The Motor City locker room, once mad laughs with D.J. Rasheed Abdul manning the iPod, has taken on a bit of mausoleum flava. For good reason: A Pistons team hasn’t been navigating this long without a GPS for years. No matter what stat you slice it with—straight averages, PER, per minute—the core four Pistons of AI, Rip, Tay, and Sheed are producing at or near career lows. Most damning of all, with only the one significant personnel flip (Big Shot to AI), Detroit has tumbled from a sixth-best offensive efficiency and four-best defensive efficiency in 2007-08 to 19th and 12th today. The team still plays at a snail’s pace, but what was once an effective gameplan wrapped up in that tortoise shell is now just plodding, bad basketball.

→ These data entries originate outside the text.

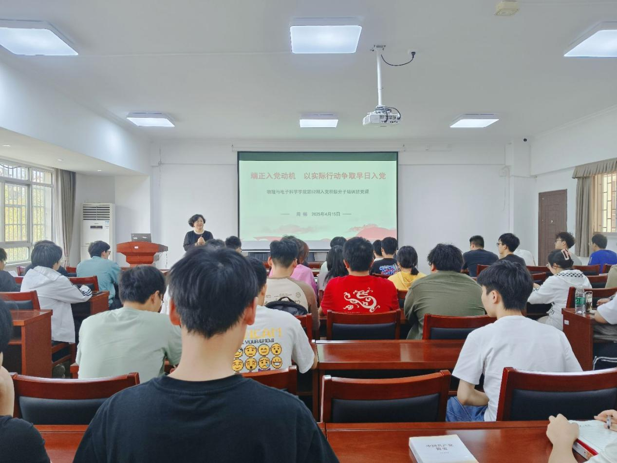 4月15日下午,物电学院党委书记周畅为第52期入党积极分子讲授题为“端正入党动机 以实际行动争取早日入党”的党课,52期学员参加学习。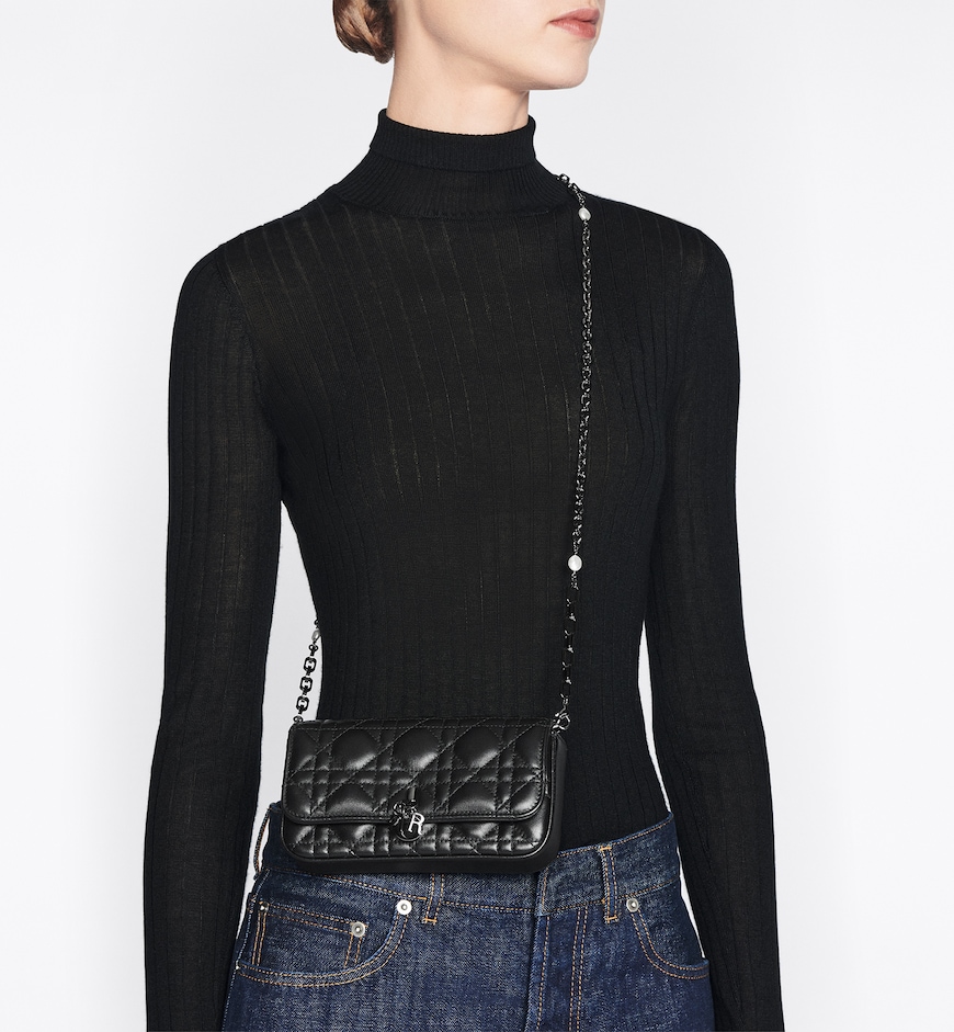 The My Dior – Dior Talk Phone Pouch is a clever and sophisticated creation. Crafted in black Cannage lambskin, it features pale gold-finish metal D.I.O.R. charms. Completed by an elegant removable chain punctuated with resin pearls, the phone pouch can be carried by hand, worn over the shoulder or crossbody.
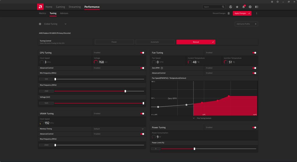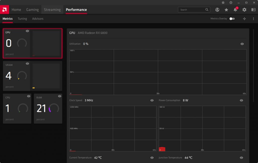 Ook al is dit een kaart van de GPU fabrikant zelf, dat betekent niet dat er geen software aanwezig is. Sterker nog: bij de drivers wordt een hele bundel met software geleverd. De software is genaamd Adrenalin en bevat vele mogelijkheden. Het is mogelijk games te optimaliseren en het is zelfs mogelijk om vanuit deze software de videokaart over te klokken, iets wat bij het groene kamp alleen maar kan met pakketten van andere fabrikanten. Ook streamen of video’s opnemen vanuit de software is mogelijk. Kortom: een vrij compleet pakket.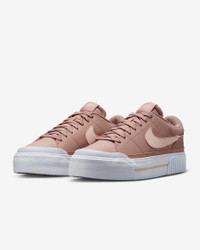 Elevate your style with the Nike Court Legacy Lift. Its platform midsole delivers a bold statement on top of the classic, easy-to-wear design. And don't worry, we've kept the fit you love. Benefits - Subtly layered upper keeps it classic and easy to wear. - Rubber outsole delivers traction and durability. - Padded heel and plush tongue feel soft. Product Details - Shown: Particle Pink/Rose Gold/White/Washed Coral - Style: DM7590-601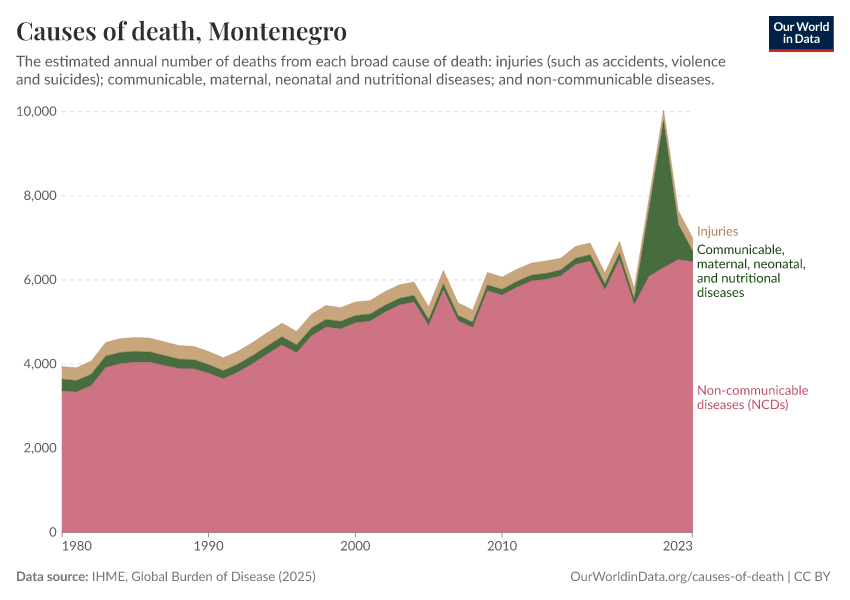 In the chart, you can see the breakdown of deaths in Montenegro by these broad categories. In 2023, 246 died from communicable diseases, 6,430 from NCDs, and 309 from injuries.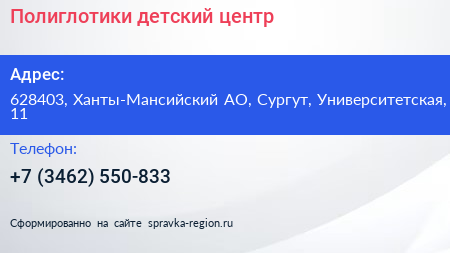 Полиглотики, детский центр по адресу 628403, Ханты-Мансийский АО, Сургут, Университетская, 11 в дальнейшем Организация, размещена в следующих категориях:

Sheed, among others who might have helped provide additional enumeration, left quickly on
Tuesday, without offering much by way of postmortem. Just a year after he and I playfully teased each other up in Milwaukee in the aftermath his lefty trey in the All-Star Game, it was takeaway in Styrofoam and a quick exit.
Back then, a year ago, with the unflappable Flip at the helm and Captain Chauncey steering the ship, the Pistons were poised to punch another ticket to the NBA Finals. Cracks showed, of course, even then: Billups sleepwalked and Sheed yawned Detroit into a fall-from-ahead loss in Brewtown.
But subtracting Billups, the closest thing the Detroit clubhouse had to a conscience, has proven a fatal error.
Dig the seeds up in haste, before the sun has had its chance to shine and the clouds conjure rains to nourish, and there is nothing left to harvest. Impatience breeds regret.
Come April, Farmer Joe will wish he could rewind this failed, barren season—or fast-forward to the next.